• _Task material_
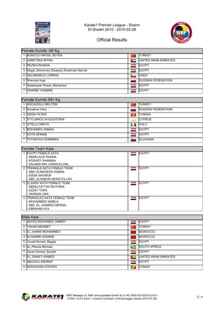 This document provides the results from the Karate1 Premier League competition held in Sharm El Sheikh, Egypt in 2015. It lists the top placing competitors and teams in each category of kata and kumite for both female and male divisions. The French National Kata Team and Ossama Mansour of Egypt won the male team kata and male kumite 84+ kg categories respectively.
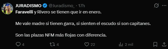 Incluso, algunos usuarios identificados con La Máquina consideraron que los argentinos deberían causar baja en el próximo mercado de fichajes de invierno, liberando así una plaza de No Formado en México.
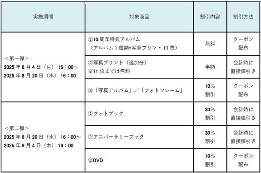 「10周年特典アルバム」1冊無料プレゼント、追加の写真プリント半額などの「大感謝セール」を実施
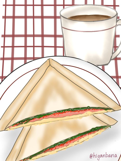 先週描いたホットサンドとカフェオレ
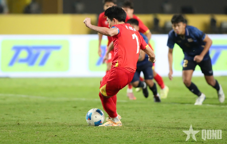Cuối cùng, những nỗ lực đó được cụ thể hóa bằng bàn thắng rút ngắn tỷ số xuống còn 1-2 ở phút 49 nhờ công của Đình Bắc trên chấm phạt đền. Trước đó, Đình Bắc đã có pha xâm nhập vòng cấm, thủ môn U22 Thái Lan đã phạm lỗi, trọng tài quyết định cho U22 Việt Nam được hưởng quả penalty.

--

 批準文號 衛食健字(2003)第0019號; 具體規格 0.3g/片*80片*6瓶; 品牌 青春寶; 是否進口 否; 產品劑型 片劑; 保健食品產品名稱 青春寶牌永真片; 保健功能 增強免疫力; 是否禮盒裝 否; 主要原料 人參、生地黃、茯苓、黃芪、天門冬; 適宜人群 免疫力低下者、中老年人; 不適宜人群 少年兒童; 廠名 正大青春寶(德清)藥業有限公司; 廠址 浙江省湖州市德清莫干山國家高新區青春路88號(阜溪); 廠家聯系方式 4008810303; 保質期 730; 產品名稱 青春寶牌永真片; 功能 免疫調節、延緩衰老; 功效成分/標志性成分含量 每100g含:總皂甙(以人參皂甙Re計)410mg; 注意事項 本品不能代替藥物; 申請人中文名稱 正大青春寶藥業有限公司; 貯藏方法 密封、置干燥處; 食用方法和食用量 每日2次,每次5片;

• _Work instructions_
Set the pictures aside and reproduce exactly the lines above, from the line holding "This document provides" through the line holding "Cuối cùng, những", both included, with nothing else.

• _Solution for this task_
 This document provides the results from the Karate1 Premier League competition held in Sharm El Sheikh, Egypt in 2015. It lists the top placing competitors and teams in each category of kata and kumite for both female and male divisions. The French National Kata Team and Ossama Mansour of Egypt won the male team kata and male kumite 84+ kg categories respectively.
 Incluso, algunos usuarios identificados con La Máquina consideraron que los argentinos deberían causar baja en el próximo mercado de fichajes de invierno, liberando así una plaza de No Formado en México.
 「10周年特典アルバム」1冊無料プレゼント、追加の写真プリント半額などの「大感謝セール」を実施
 先週描いたホットサンドとカフェオレ
Cuối cùng, những nỗ lực đó được cụ thể hóa bằng bàn thắng rút ngắn tỷ số xuống còn 1-2 ở phút 49 nhờ công của Đình Bắc trên chấm phạt đền. Trước đó, Đình Bắc đã có pha xâm nhập vòng cấm, thủ môn U22 Thái Lan đã phạm lỗi, trọng tài quyết định cho U22 Việt Nam được hưởng quả penalty.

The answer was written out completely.